Banks given positive outlook
Updated: 2013-02-06 09:36
By Oswald Chan in Hong Kong (China Daily)
An Industrial and Commercial Bank of China Ltd branch in Shanghai. CCB International Securities Ltd said in a report on Tuesday that mainland banks' net interest margin may decrease in the first quarter of this year, squeezing lenders' net profits. [Photo/China Daily]
Report says sector to gain boost from flurry of solid economic data
Investment bank CCB International Securities Ltd remains upbeat on the domestic banking sector this year, amid a flurry of bullish data and research reports on the Chinese economy.
The research unit under the investment bank said in a report released on Tuesday that it believes that the country's financial regulatory bodies will be accommodative in the implementation of new policies and that the domestic economic growth will be sustained.
In its 2013 China Banking Outlook report, CCB International said that domestic banks have a substantially reduced likelihood of being affected by further regulatory-policy risks and concerns of a sharp domestic economic slowdown.
Regarding regulatory risks, the bank said that, while it expects the China Banking Regulatory Commission to keep a close eye on potential risk factors in the banking system, the regulator will also be more accommodative in terms of new policy implementation.
The report said that the domestic economy should grow 8 percent in 2013, which should lend support to the profit growth of domestic banks.
The People's Bank of China, the country's central bank, cut interest rates twice in 2012 to boost the domestic economy.
In further positive news, on Tuesday, the HSBC China Services Purchasing Managers' Index, or PMI - an index used to gauge the expansion of the domestic services industry - rose to 54 in January from 51.7 in December, the fastest growth rate in four months. A reading above 50 indicates expansion.

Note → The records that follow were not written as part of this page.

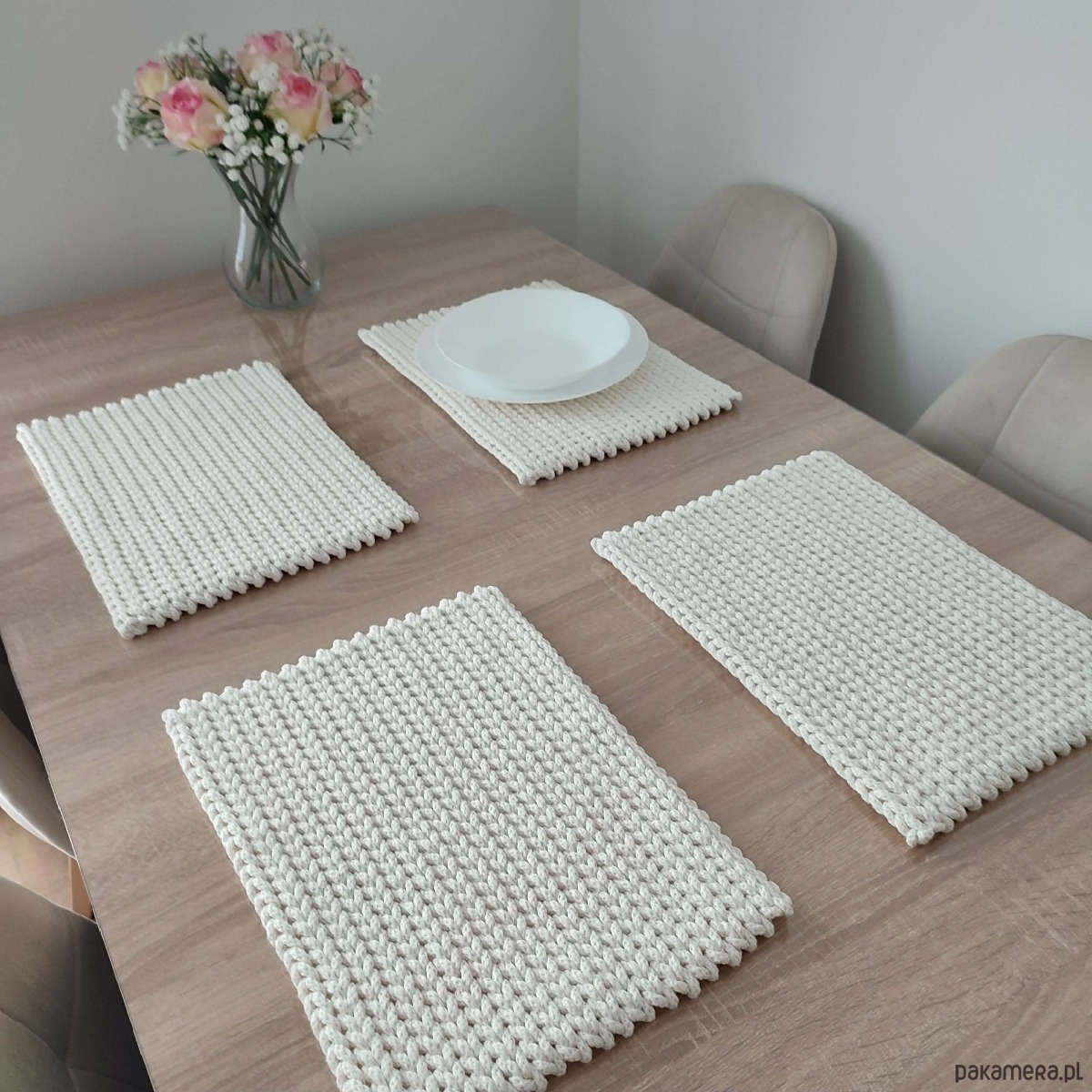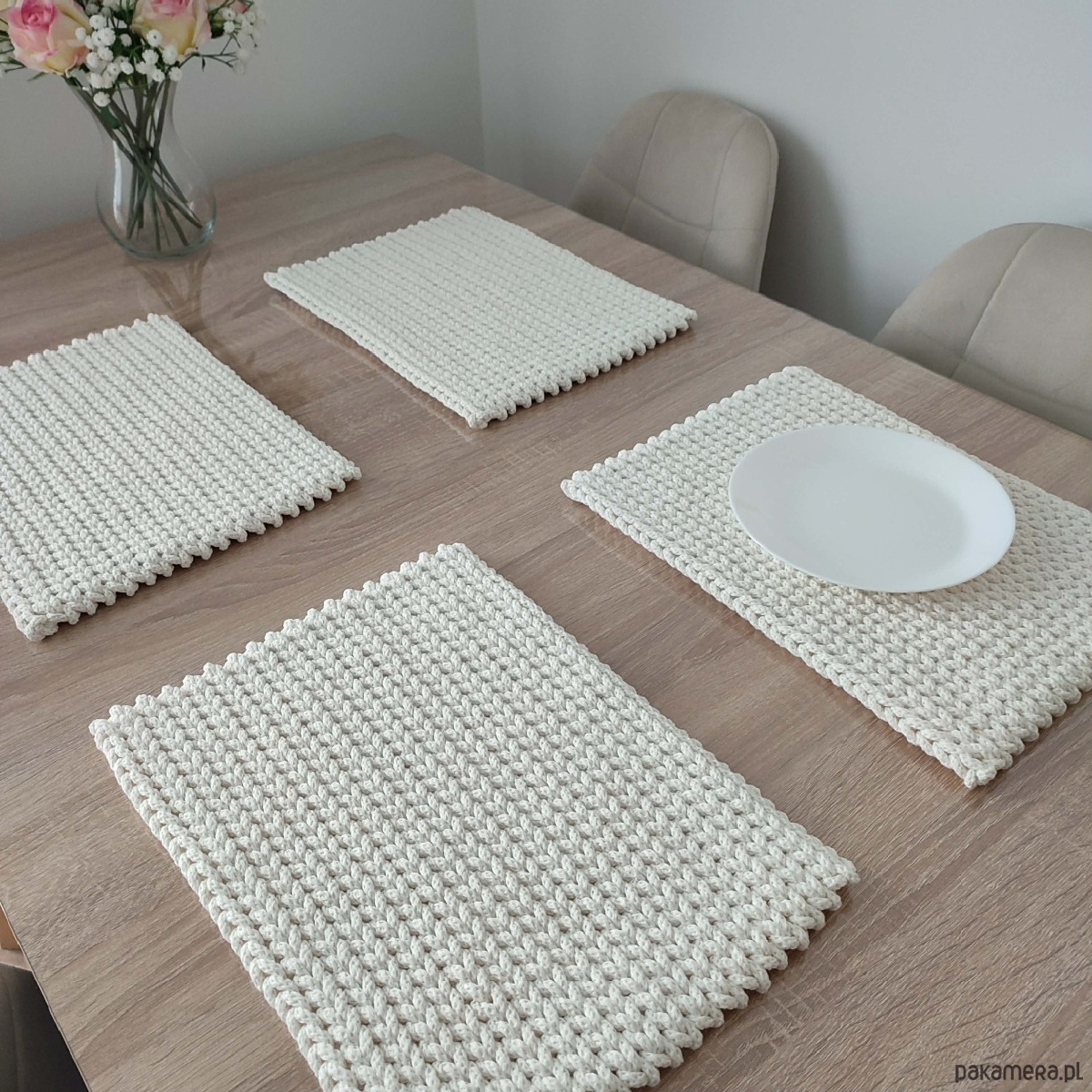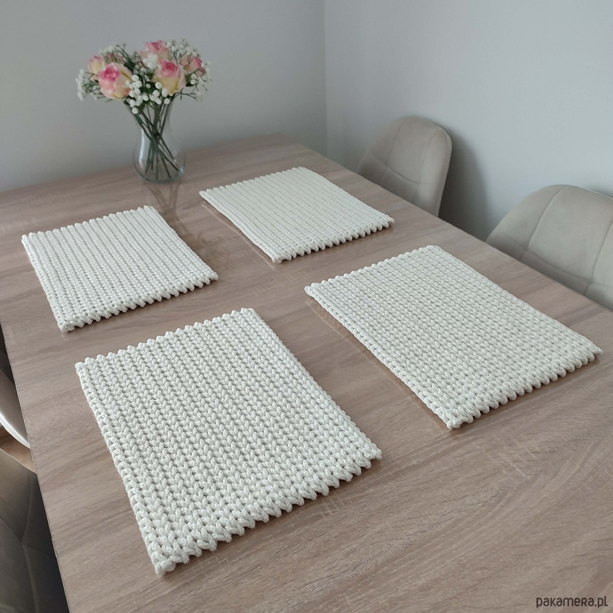 Komplet podkładek - 4 sztuki o wymiarach 25cmx35cm, wykonany metodą szydełkowania z polskiego sznurka bawełnianego 5mm.
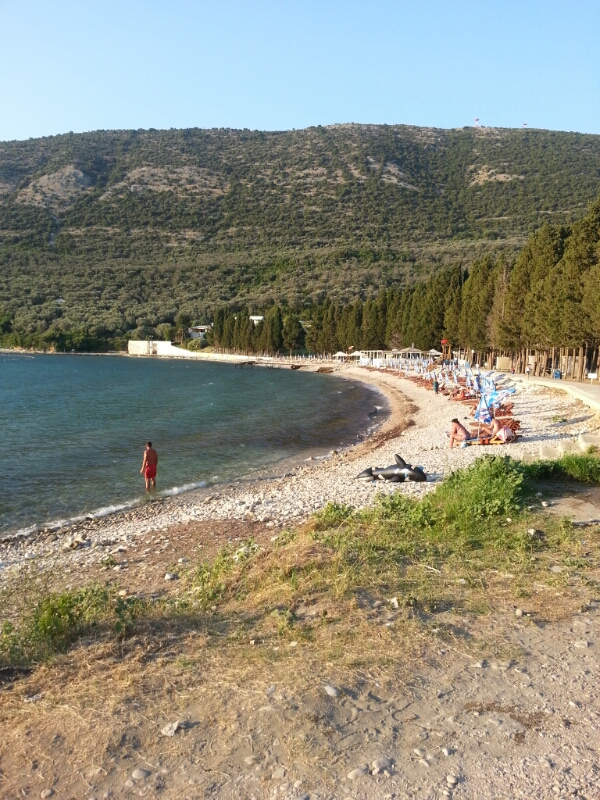Что сказать по пляжам – гОдно, за исключением городского (помните? Я не пляжник ). Одна беда для всех пляжей – солнце. Нет, не так. СОЛНЦЕ. Мы сгорели в первый же день (наутро). Да так, что до сих пор на плечах следы. Это ЖЕСТЬ товарищи. Масло было чуть меньше среднего по защите – НИ О ЧЕМ. Уезжали отколупывая корочки L Везде и всегда передвигались перебежками от тени и до тени. Будет фото, как мы ехали в Цетине – снаружи борткомпьютер показывал +47 на ходу. Я так понял – это было по всей Черногории. Так вот Велика плажа в этом отношении – опасное место, если не подготовится. Ветерок обдувает – да, хорошо, но СОЛНЦЕ таки жарит – пусть никого не обманывает свежесть прибоя. Берегите и себя, и детей. Но, думаю, в обычное лето там вполне даже комфортно.
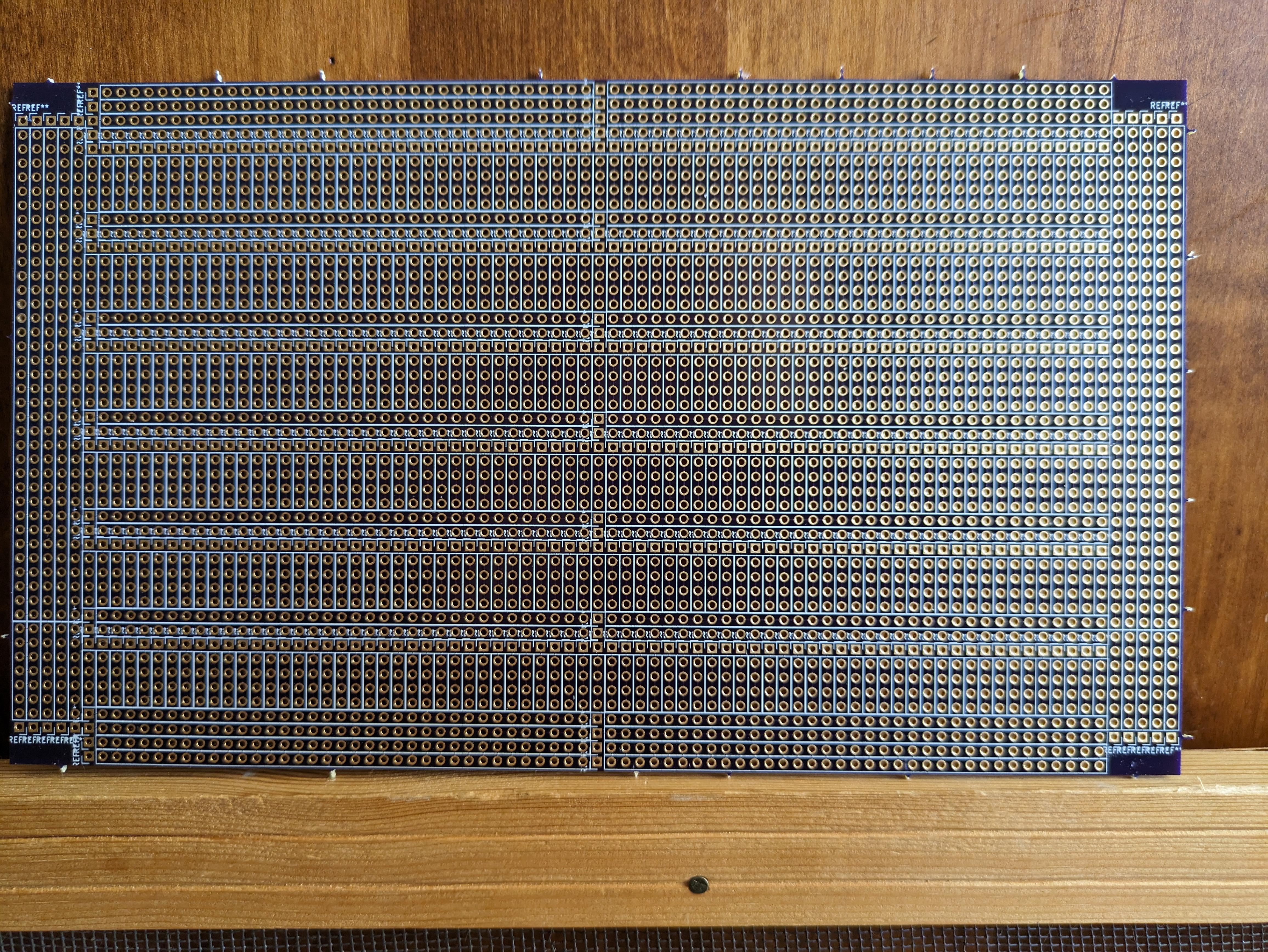 Note that I rearranged the placement of the NVRAM byte editor module to make room for the future LED display module driver module. This was easy since the byte editor only has connections to the hexadecimal keypad module, and is independent of everything else. I did need to improve the power/ground wiring network some more, mainly since the clock module only had a single connection each to ground and 5v that was too far from the modules it was not directly connected too. So I connected it at all four corners to all four modules that it talks to, respectively. So I’m still good to go running all these modules at 12.5875 MHz as they spread out more and more in the build-out process. Eventually I will be converting the designs that seem stable and are “keepers” to soldered bread boards. I’ve ordered a bunch of Samtek SSA-132-W-G stacking “shield” type headers to make a vertical stack of well-connected modules. I’ll either use my initial breadboard design that I got three of from OSH Park, or refine it a bit first and do another run. Here is the manufactured board:
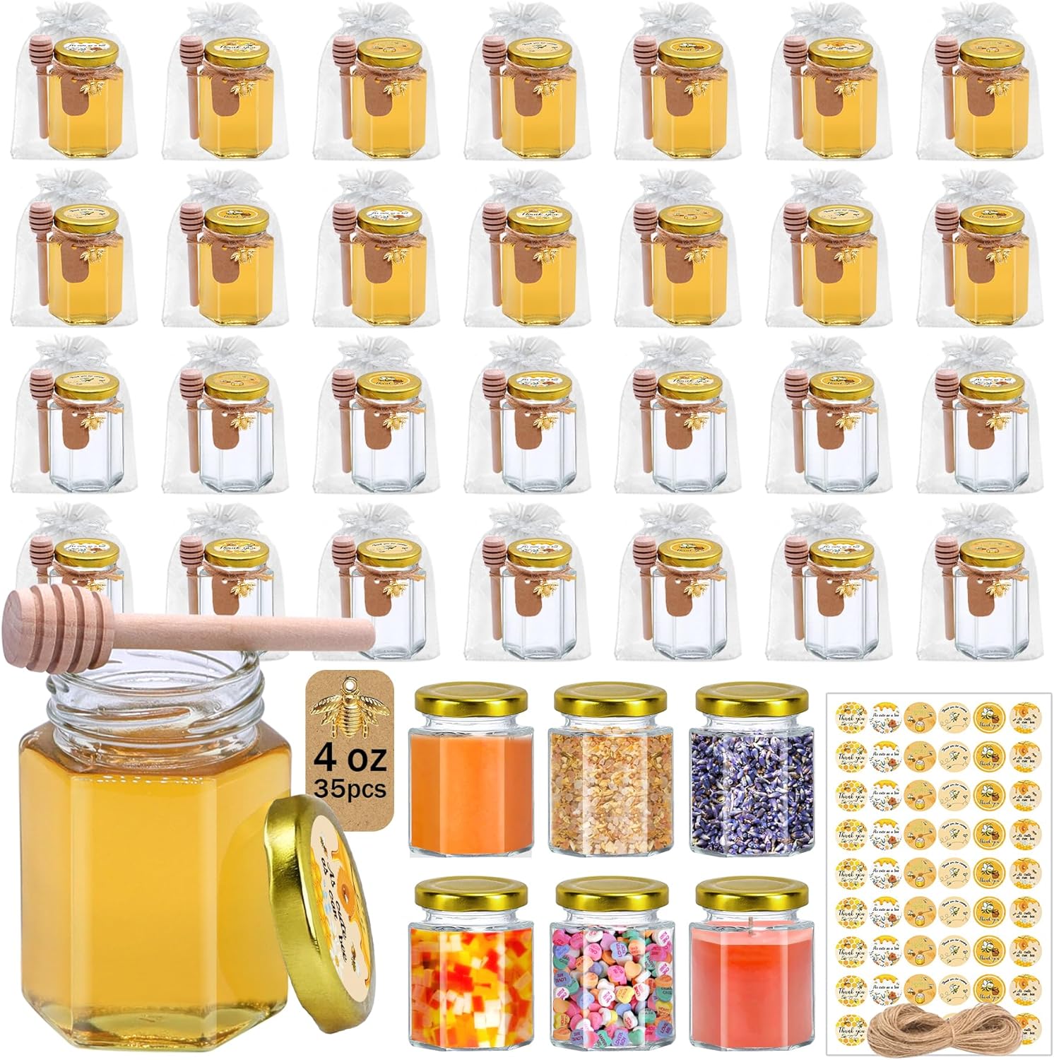 • Great Value Mini Honey Jars Set: This set includes 35 round mini honey jars with dippers, lids, stickers, bee charms, gift bags, tags, and 50m of jute twine. Everything you need to craft thoughtful party favors or sweet handmade gifts with ease.

"As the employment index remains robust, and the outstanding business index is still hovering at a high level, we expect the China services PMI to further improve, indicating the Chinese economy has already bottomed out in the last quarter, which paves the way for a solid economic rebound," said Qu Hongbin, HSBC's chief China economist.
French bank Credit Agricole echoed that view.
Dariusz Kowalczyk, Credit Agricole senior economist and strategist, said: "The improvement of the China services PMI confirms solid growth momentum in the first quarter of this year and should be supportive for sentiment. We continue to expect 8.5 percent economic growth in 2013 and see 8.6 percent growth on a yearly basis in the first quarter of this year."
The eurozone debt crisis will remain the primary risk factor that may hit Chinese banks, according to the CCB International report, as the crisis may increase investors' risk aversion, which may lead to a fall in share prices.
However, amid the overall bullish stance toward the domestic banking sector, CCB International cautioned that Chinese banks' net interest margins, or NIM, may decrease modestly due to re-pricing pressures in their loan portfolios, and talked about the possibility of an interest rate hike.
"Chinese banks' NIM may fall by about 10 to 15 basis points in the first quarter of 2013 on a quarterly basis due to the downward re-pricing of corporate loans, residential mortgages and car loans. Larger banks may face greater quarter-on-quarter NIM compression compared with the smaller banks," CCB International Research Director Sheng Nan said at a news conference in Hong Kong on Tuesday.
"The other risk is that if inflation increases, interest rates may rise again and the banks' NIM levels may be further compressed, which could squeeze their net profits," Sheng warned.
The CCB International report also forecast that Chinese banks will lend out a total of 8.5 trillion yuan ($1.36 trillion) in 2013, a modest year-on-year increase.
It added that banks will likely maintain a cautious view toward export-focused manufacturers, textile firms, solar and wind energy companies, and steel trading and shipping firms. The cement and property sectors may get more favorable responses as both are tied to China's ongoing urbanization boom.